[Records for processing Boundary: Start]
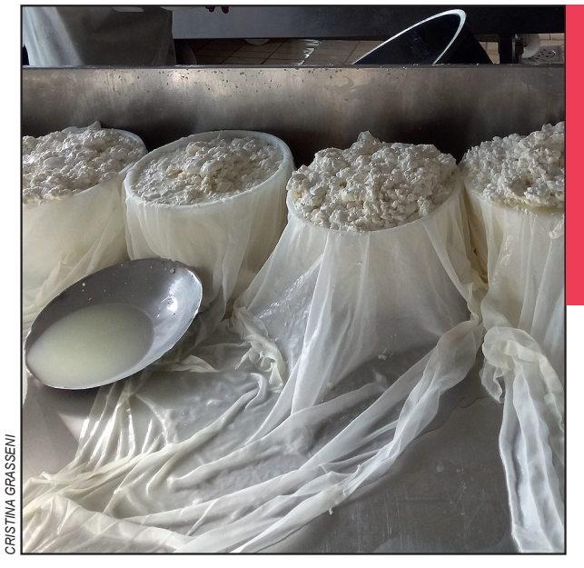
Curdling milk for Strachítunt production.
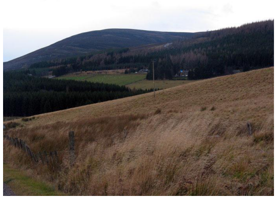
There is more woodland to the west of this character area
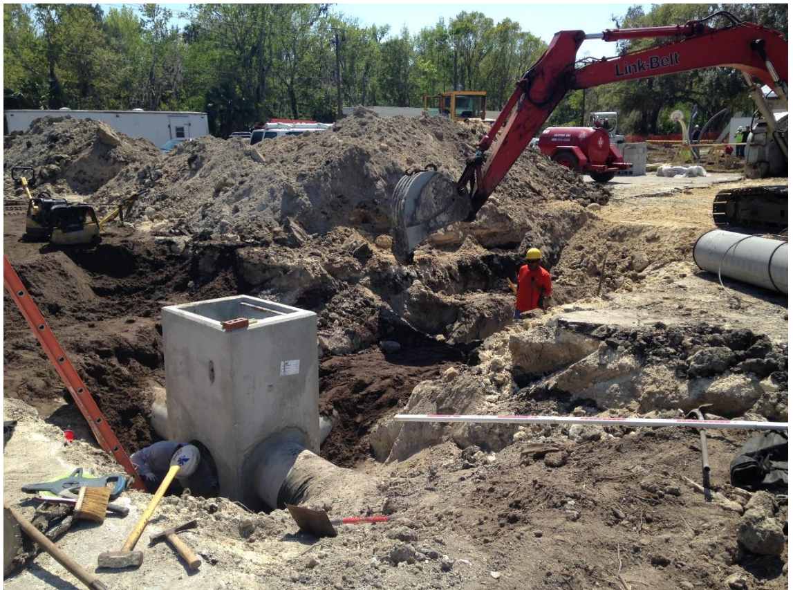
Community Center – Stormwater Structure
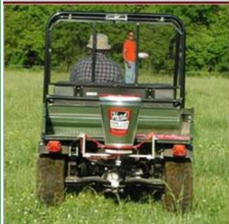
Applying fire ant bait using a herd seeder mounted on an ATV.

We recommend broadcasting a fire ant bait twice a year to suppress fire ant populations. Temperatures should be in the 70s and 80s (F)
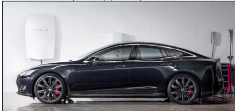
Figure 6. Garage Power Wall BESS visible above front of car.

An increasing number of residential houses with solar panel installations have an accompanying lithium-ion BESS or other battery back-up power system.
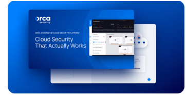
Orca Security Platform Overview
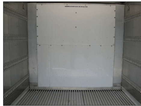
Stainless steel interior lining
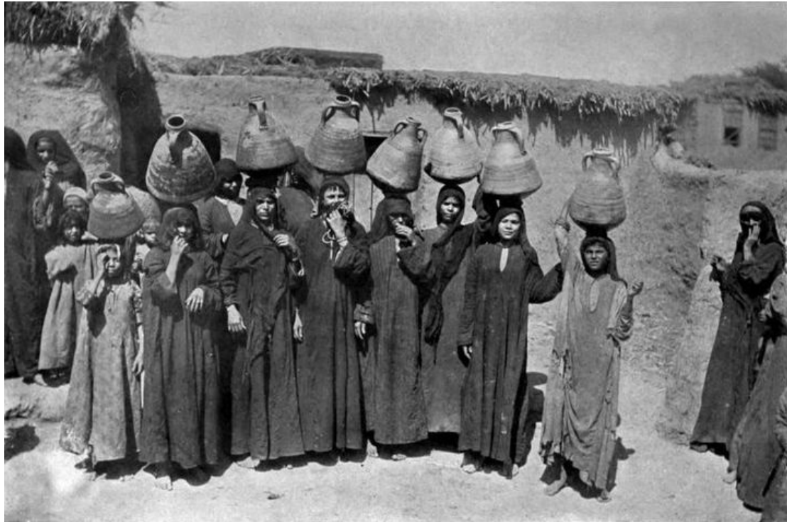
DAUGHTERS OF EGYPT
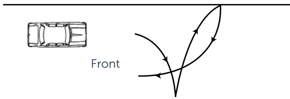
Three point turn

If there is no opportunity to do a reverse parking task, you may be asked to do a three point turn. You must show you can look for potential hazards before and while making the turn and then while reversing the car. You are allowed to use a driveway when making the turn, but you must not drive onto private property. You should not hit or mount the kerb. You need to use your indicators correctly and move off on the correct side of the road.
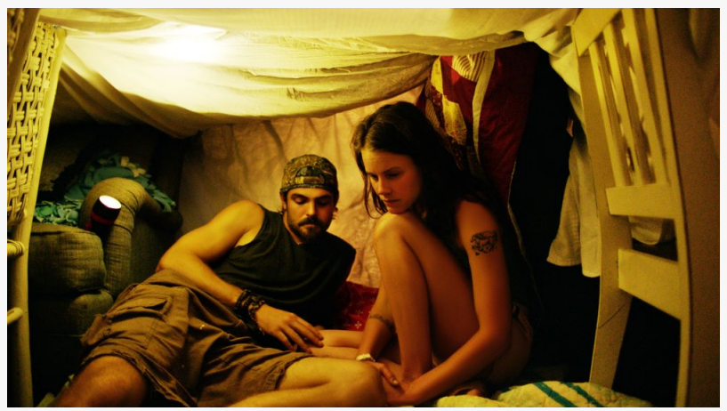
Still from the movie
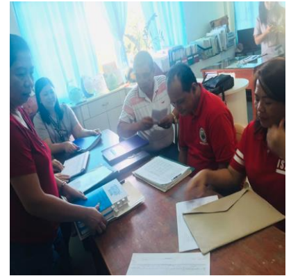
The Provincial Purple ribbon awards Comittee feedbacks to the Municipal Health officers of Cabagan, Quirino and Luna
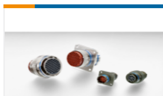
TE Part #YAFD56-24-61SNC127 PLUG ASSY
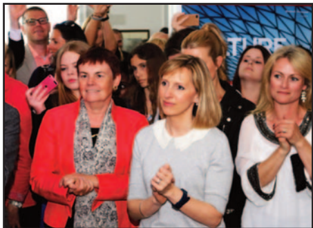
The ambassador with Danish fans
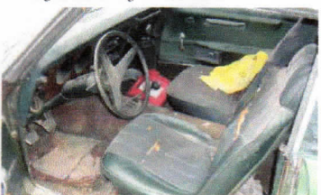
This was the prerestoration interior of the Firebird.

There were 3232 Sprint engines installed and this number was split between Firebirds and Tempests. The records do not indicate exactly how many 1969 Pontiac Firebird Sprints were produced, most likely less than 2000 and this Firebird is one of them, a rare survivor.
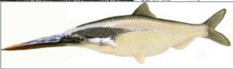
The fabled Corkscrew Great Blue Herring, above.
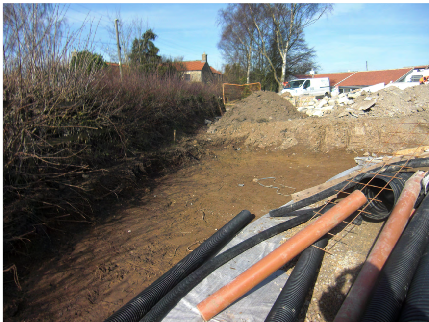
Plate 1. Site after stripping. Facing North.
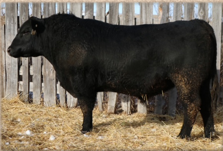
Lot 19 - JC CRAIG'S ELEMENT 37H
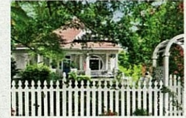
MCCOMB, MS $99,900 2,239 square feet 4 beds, 2.5 baths
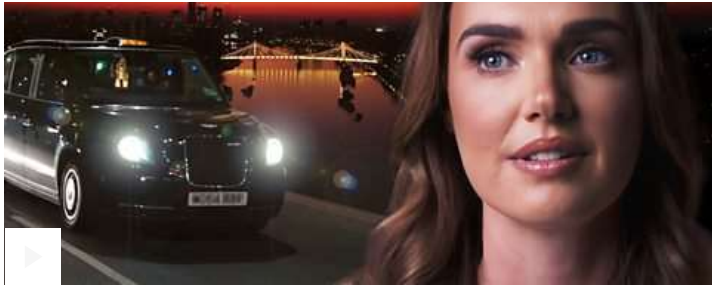
WHO STOLE TAMARA...
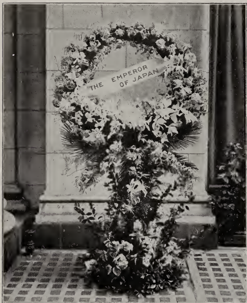
"The Aristocrat of Lilies"

Lilies work so wonderfully well into a great variety of basket designs that it will pay you to have a good planting of several varieties, we believe. Please write for prices on those varieties not quoted.
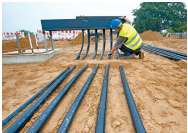
Laying the piping to the future petrol pumps

And of course, choosing such an idyllic location has its price. Anyone who wants to build one or two petrol stations here is faced with the most stringent environmental protection requirements anywhere. In the knowledge that all these environmental requirements must be complied with and planned in with state-of-the-art technology, one of
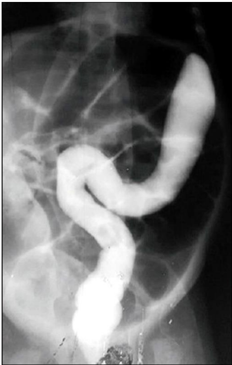
Figure 1: Barium enema showing contrast not traversing beyond the splenic flexure.

Endoscopy was done in 1 case preoperatively where we were unable to negotiate beyond splenic flexure. After preliminary resuscitation and investigations, exploratory laparotomy was done in all cases. CS (Fig. 2) was in left colon in all cases. All cases were managed by resection of the involved bowel, biopsy from distal part of the colon and stoma formation. The biopsies from distal colon were positive for ganglion cells. Full thickness rectal biopsy was done to rule out Hirschsprung Disease before closure of the stoma that revealed absence of ganglion cells. Therefore, Duhamel Pull through was done in these patients as a definitive procedure. In all underlying pathology for CS was HD. Patients have been on followed up for 2 years after definitive surgery, and all are doing well. Table 1 describes summary of the study cases.
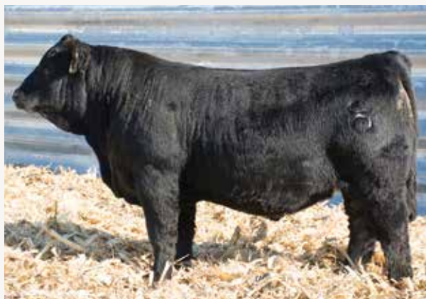
J&C Fortune 500 G883
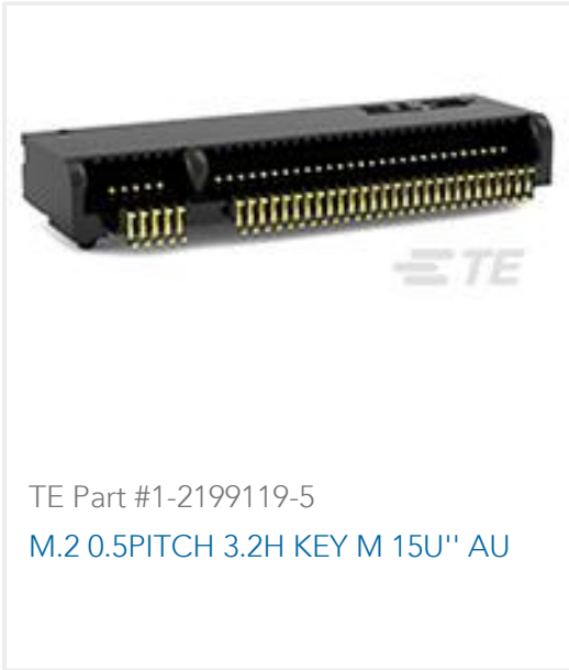
TE Part #1-2199119-5 M.2 0.5PITCH 3.2H KEY M 15U" AU
[Records for processing Boundary: End]
Work order: What lines in the data hold the word "from"? Return them.

Solution for this task:
Still from the movie
Endoscopy was done in 1 case preoperatively where we were unable to negotiate beyond splenic flexure. After preliminary resuscitation and investigations, exploratory laparotomy was done in all cases. CS (Fig. 2) was in left colon in all cases. All cases were managed by resection of the involved bowel, biopsy from distal part of the colon and stoma formation. The biopsies from distal colon were positive for ganglion cells. Full thickness rectal biopsy was done to rule out Hirschsprung Disease before closure of the stoma that revealed absence of ganglion cells. Therefore, Duhamel Pull through was done in these patients as a definitive procedure. In all underlying pathology for CS was HD. Patients have been on followed up for 2 years after definitive surgery, and all are doing well. Table 1 describes summary of the study cases.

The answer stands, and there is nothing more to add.